With the Splunk platform, support center and service desk staff can now see and act quickly if a user clicks on a phishing link, steals credentials, or compromises an account. Paschke’s team can track and verify employee password resets to protect against direct deposit fraud. They can triangulate device location within two meters, and track Chromebook device IDs and students associated with them if they’ve made threats.
To prevent the district’s physical security monitoring devices from outages, the team now relies on Splunk Enterprise to monitor error codes and proactively alert staff, who can repair the hard drives before they crash to ensure uptime.

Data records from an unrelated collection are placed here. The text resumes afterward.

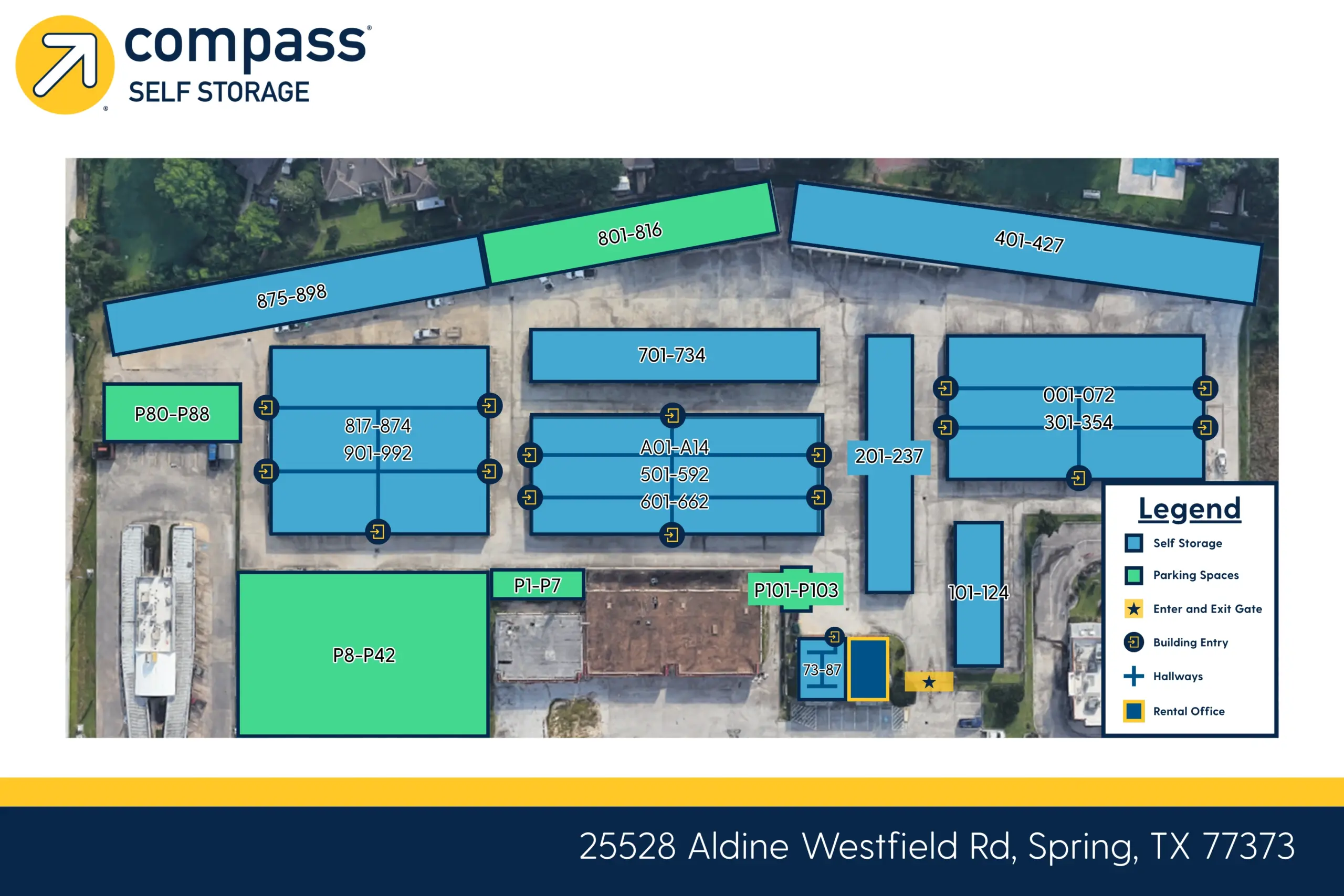 Our hours of access vary by location, so we always recommend giving your local Compass Self Storage team a call for confirmation. At our Spring storage facility on Aldine Westfield Road, you can access your storage unit seven days a week from 6 a.m. to 10 p.m.
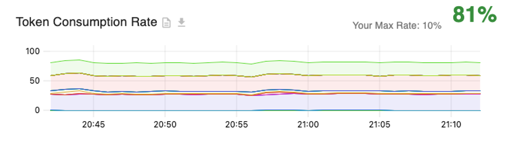 - Theoretically, if the total consumption percentage for all users within a tenant is set to exactly 100%, the Token Availability will not drop below 100% (i.e., it will not "burst").
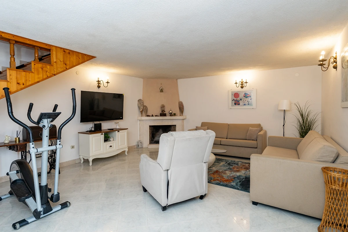 Das Herzstück des Hauses ist die vollständig ausgestattete amerikanische Küche mit Induktionskochen, einer umfassenden Auswahl an Geräten, darunter Kühlschrank, Gefrierschrank, Geschirrspüler, Backofen, Mikrowelle, Kaffeemaschine und allem notwendigen Küchengeschirr. Geniessen Sie das Zubereiten köstlicher Mahlzeiten mit Leichtigkeit und Stil.
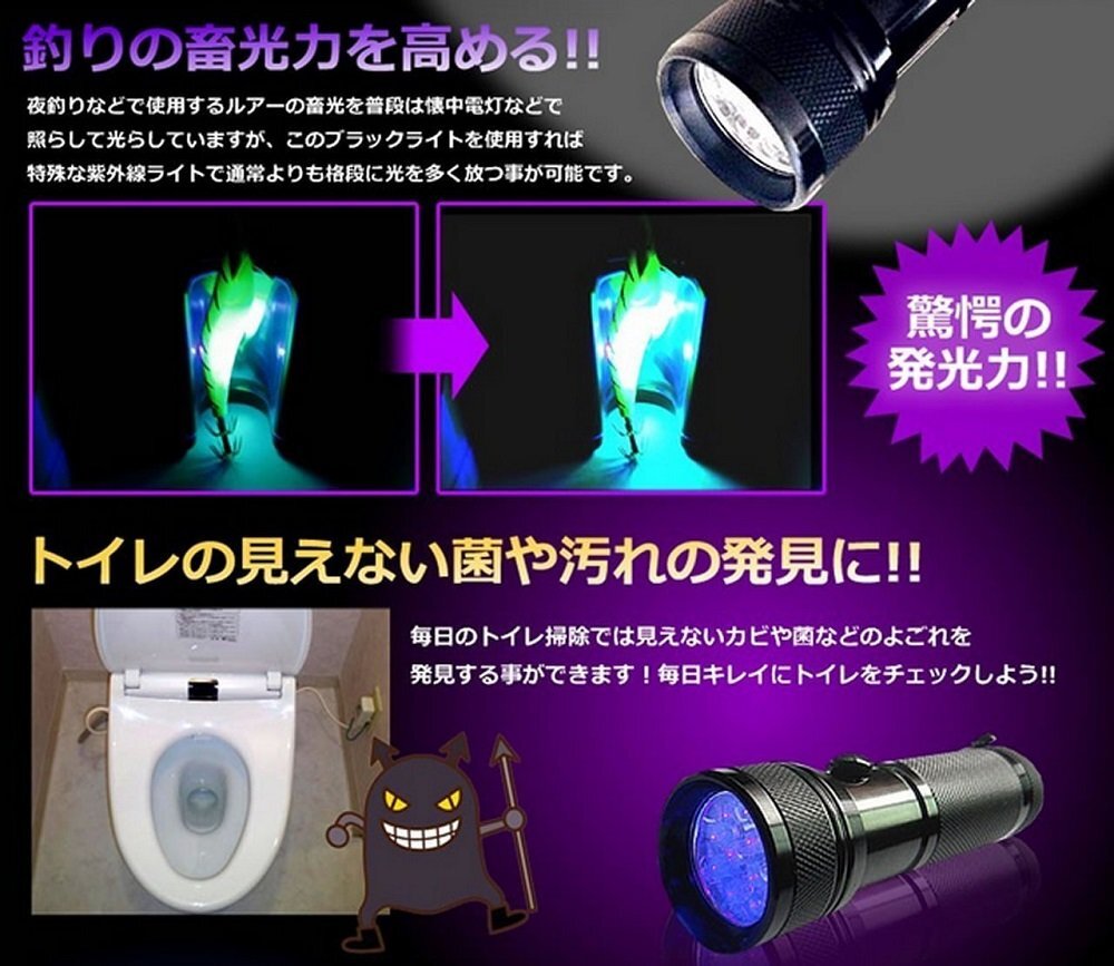 LEDブラックライトは様々な分野で活躍しています。 ※仕様やデザインは予告なく変更される場合があります。 |
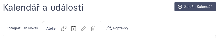 V základu od nás máš připravené dva kalendáře. Jeden z nich je hlavní, do kterého ti jdou všechny rezervace a kam si můžeš vkládat i vlastní události atp. Těchto kalendářů můžeš mít i více, stačí kliknout na Založit kalendář. Druhým kalendářem je Poptávkový kalendář, do něj ti vkládáme všechny poptávky, které přijdou - tak, aby se ti nemíchaly s hlavním kalendáře.
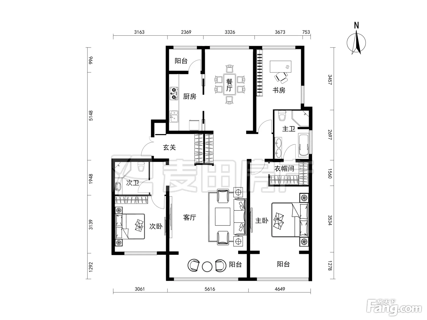户型齐全,主打户型方正,独立衣帽间,明卫三居

In addition, the Splunk platform also helps Jeffco address cyberbullying issues by allowing the team to track system usage, user and device access, as well as the times they were accessed. This capability, in turn, allows them to triage a post or threat that might be anonymous and track it down to a user or device.
“The bullying often happens within an application that we don’t have control over,” Paschke says. Splunk helps us make sure that activity isn’t anonymous on our network — that we have accountability if cyberbullying occurs.”
With Splunk, Jeffco has already slashed Mean-TimeTo-Resolution (MTTR) and aims to further reduce it to half an hour or less. The district also plans to increase security and logging around student grades & SIS data, as well as implement scripting and custom aids to automate processes, support field troubleshooting and guide escalations.
Down the road, Jeffco is also hoping to use Splunk software for proactive alert monitoring, as well as to improve IT system performance —particularly on test days—through predictive analytics.